## TASK TO COMPLETE
Set down, word for word, each line from the top of the data through the line that has "Selling a framed"; omit every picture.

Items listed in a dataset
------------
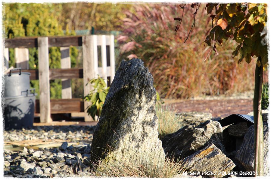 Wracając jeszcze na moment do samego gnejsu to, jak wiesz, kamień który bardzo lubię, który od początku busowej przygody, towarzyszy mi w podróżach. Stąd cieszę się, że w tym ogrodzie spotkałem go w przeróżnej postaci, zarówno w formie mniejszych i większych głazów,
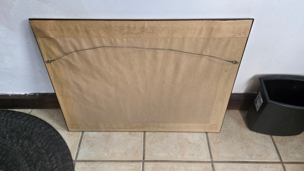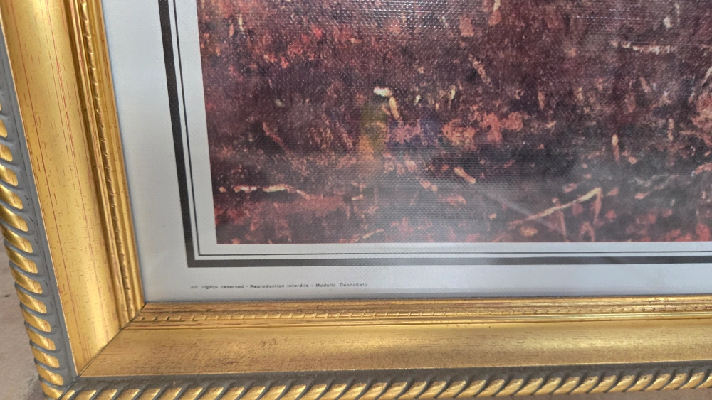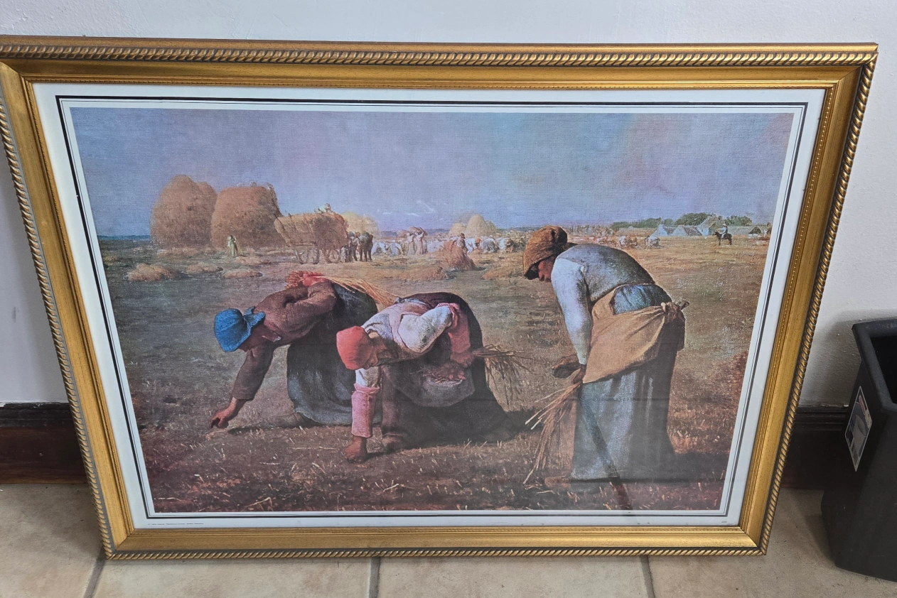 Selling a framed print of what appears to be a painting of farm workers. The frame is gold colored and in good condition. The print itself is labeled "Reproduction Interdite".
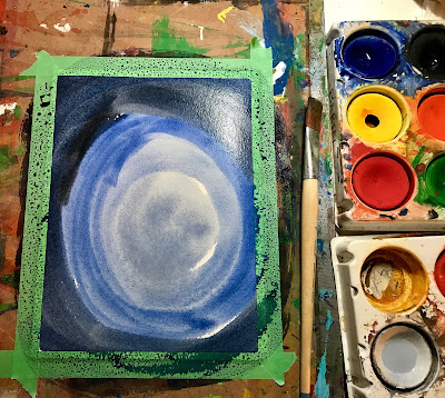 I also add some pencil crayon, layering on some different shades of blue. I am doing this lightly just to add some depth to the background.
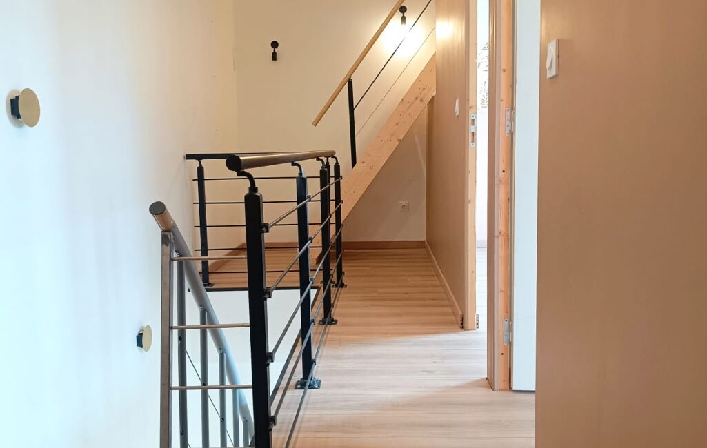 Au RDC, vous trouverez une belle pièce de vie de 43m2 avec une cuisine neuve et un bel espace baigné de lumière en parquet chevron donnant sur une petite terrasse pour des déjeuners face à la nature.
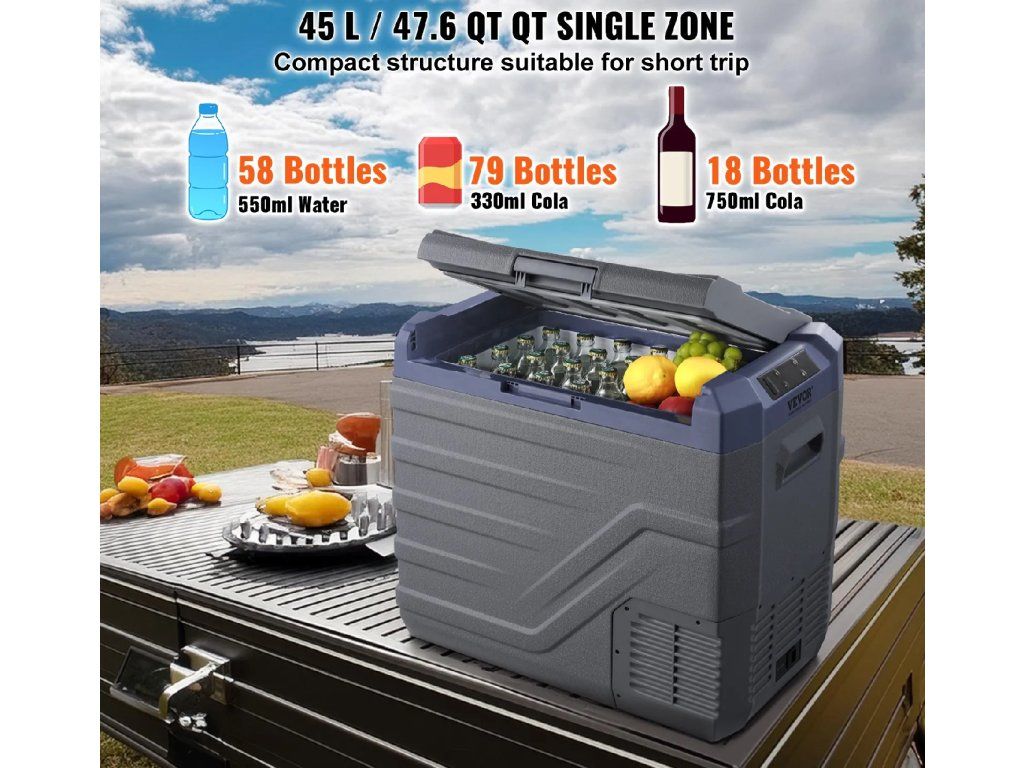 - Velká kapacita: Přenosná chladnička s mrazákem má jeden prostor o objemu 45 litrů. Tato robustní lednice do obytných vozů pojme 79 plechovek coly o objemu 330 ml nebo 58 lahví vody o objemu 550 ml nebo 18 lahví červeného vína o objemu 750 ml, což pojme mořské plody, občerstvení, maso a nápoje a splní potřeby krátkých výletů, jako je cestování, plavba lodí a kempování.
------------
## ANSWER FOR THE TASK
 Wracając jeszcze na moment do samego gnejsu to, jak wiesz, kamień który bardzo lubię, który od początku busowej przygody, towarzyszy mi w podróżach. Stąd cieszę się, że w tym ogrodzie spotkałem go w przeróżnej postaci, zarówno w formie mniejszych i większych głazów,
 Selling a framed print of what appears to be a painting of farm workers. The frame is gold colored and in good condition. The print itself is labeled "Reproduction Interdite".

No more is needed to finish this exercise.